Which of the lines in the listing that follows hold "sein"? Pull each one out.

▶ [TASK INPUTS]:
::::

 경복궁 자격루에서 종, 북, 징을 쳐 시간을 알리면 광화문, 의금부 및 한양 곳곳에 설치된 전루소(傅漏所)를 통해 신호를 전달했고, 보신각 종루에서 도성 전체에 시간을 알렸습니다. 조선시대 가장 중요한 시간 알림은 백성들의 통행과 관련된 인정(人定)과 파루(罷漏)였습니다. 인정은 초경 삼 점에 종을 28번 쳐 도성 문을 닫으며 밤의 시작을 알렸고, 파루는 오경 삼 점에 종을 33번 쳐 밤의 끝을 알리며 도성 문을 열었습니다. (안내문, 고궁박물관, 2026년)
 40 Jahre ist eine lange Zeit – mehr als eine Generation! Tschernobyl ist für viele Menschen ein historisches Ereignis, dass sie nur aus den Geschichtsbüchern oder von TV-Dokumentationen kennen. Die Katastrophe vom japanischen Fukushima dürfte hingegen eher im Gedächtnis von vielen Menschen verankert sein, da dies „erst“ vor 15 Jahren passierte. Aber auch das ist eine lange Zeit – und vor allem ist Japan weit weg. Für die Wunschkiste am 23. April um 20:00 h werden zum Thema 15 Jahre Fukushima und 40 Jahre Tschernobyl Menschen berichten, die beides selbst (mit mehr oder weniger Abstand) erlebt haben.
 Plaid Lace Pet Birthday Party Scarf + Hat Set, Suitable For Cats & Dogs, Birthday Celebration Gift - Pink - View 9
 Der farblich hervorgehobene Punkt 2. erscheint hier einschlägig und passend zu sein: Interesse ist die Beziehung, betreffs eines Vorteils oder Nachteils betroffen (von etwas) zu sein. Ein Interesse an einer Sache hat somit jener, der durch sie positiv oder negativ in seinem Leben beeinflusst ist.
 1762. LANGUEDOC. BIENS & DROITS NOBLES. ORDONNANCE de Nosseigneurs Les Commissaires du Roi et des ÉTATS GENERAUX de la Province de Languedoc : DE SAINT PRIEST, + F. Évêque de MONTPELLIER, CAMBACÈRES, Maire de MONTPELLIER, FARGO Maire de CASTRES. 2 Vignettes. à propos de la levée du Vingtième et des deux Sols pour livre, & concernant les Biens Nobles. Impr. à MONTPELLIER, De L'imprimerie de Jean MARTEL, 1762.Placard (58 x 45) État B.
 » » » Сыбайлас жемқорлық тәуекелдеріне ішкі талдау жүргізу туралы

::::

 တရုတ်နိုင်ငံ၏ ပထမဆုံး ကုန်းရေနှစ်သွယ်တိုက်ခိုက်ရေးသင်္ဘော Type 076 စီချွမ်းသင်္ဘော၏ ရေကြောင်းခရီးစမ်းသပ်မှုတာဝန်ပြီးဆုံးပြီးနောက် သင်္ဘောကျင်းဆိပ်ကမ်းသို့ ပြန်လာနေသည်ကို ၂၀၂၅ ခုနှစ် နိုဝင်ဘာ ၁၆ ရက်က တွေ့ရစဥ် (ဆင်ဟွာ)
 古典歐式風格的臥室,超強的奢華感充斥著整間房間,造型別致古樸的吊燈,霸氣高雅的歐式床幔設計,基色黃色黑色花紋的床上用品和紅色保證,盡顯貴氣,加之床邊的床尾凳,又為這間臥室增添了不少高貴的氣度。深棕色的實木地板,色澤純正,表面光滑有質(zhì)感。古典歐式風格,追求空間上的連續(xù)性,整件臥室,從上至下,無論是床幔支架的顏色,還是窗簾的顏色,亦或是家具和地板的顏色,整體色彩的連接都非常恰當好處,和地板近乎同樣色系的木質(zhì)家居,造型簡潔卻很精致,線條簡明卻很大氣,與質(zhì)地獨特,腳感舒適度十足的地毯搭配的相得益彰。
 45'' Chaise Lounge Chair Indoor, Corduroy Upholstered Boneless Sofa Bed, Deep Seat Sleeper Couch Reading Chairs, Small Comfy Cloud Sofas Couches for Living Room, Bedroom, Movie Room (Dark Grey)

::::

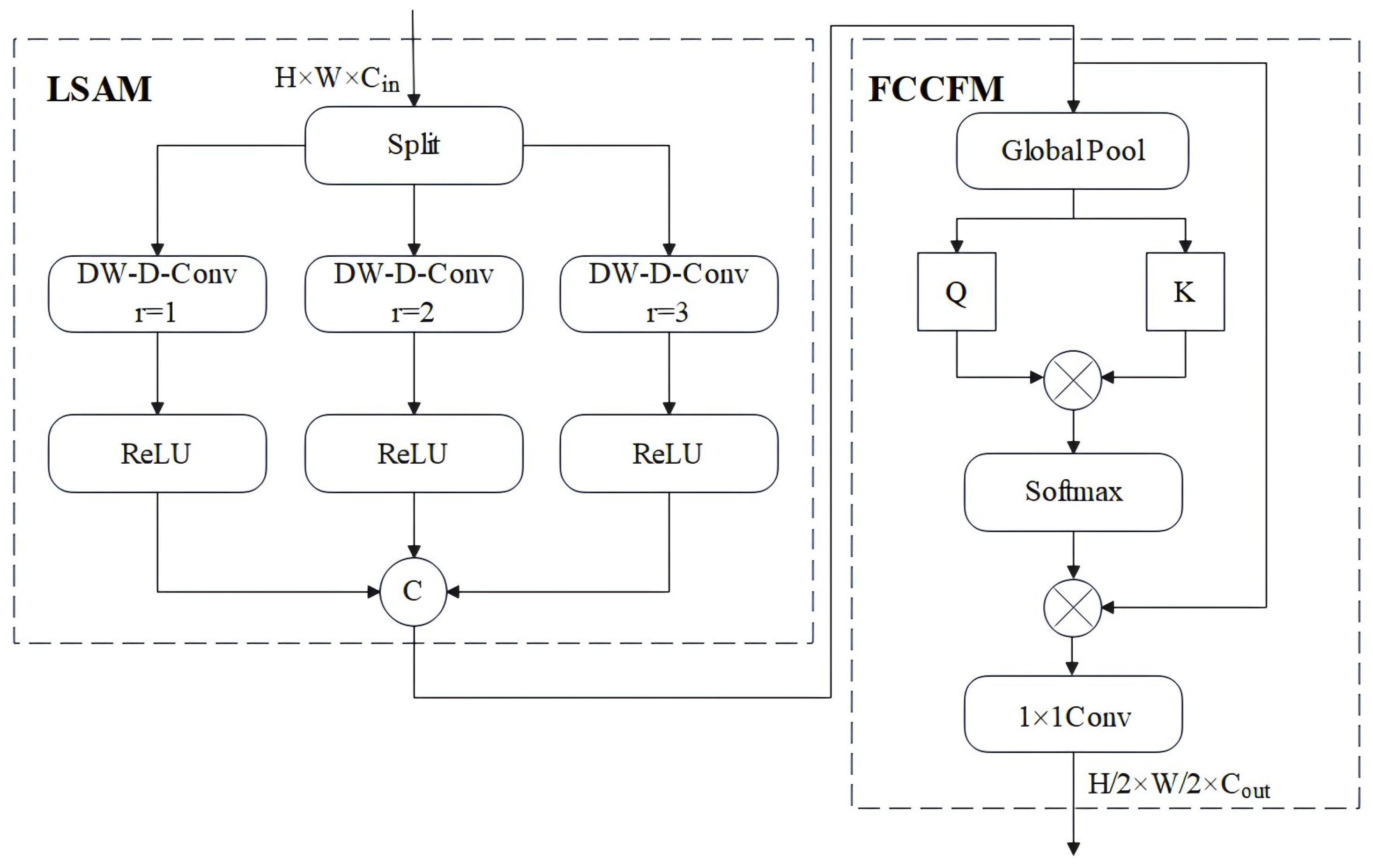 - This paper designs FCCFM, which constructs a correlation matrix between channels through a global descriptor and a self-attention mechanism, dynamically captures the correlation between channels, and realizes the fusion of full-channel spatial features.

::::

▶ [RESPONSE AREA]:
 40 Jahre ist eine lange Zeit – mehr als eine Generation! Tschernobyl ist für viele Menschen ein historisches Ereignis, dass sie nur aus den Geschichtsbüchern oder von TV-Dokumentationen kennen. Die Katastrophe vom japanischen Fukushima dürfte hingegen eher im Gedächtnis von vielen Menschen verankert sein, da dies „erst“ vor 15 Jahren passierte. Aber auch das ist eine lange Zeit – und vor allem ist Japan weit weg. Für die Wunschkiste am 23. April um 20:00 h werden zum Thema 15 Jahre Fukushima und 40 Jahre Tschernobyl Menschen berichten, die beides selbst (mit mehr oder weniger Abstand) erlebt haben.
 Der farblich hervorgehobene Punkt 2. erscheint hier einschlägig und passend zu sein: Interesse ist die Beziehung, betreffs eines Vorteils oder Nachteils betroffen (von etwas) zu sein. Ein Interesse an einer Sache hat somit jener, der durch sie positiv oder negativ in seinem Leben beeinflusst ist.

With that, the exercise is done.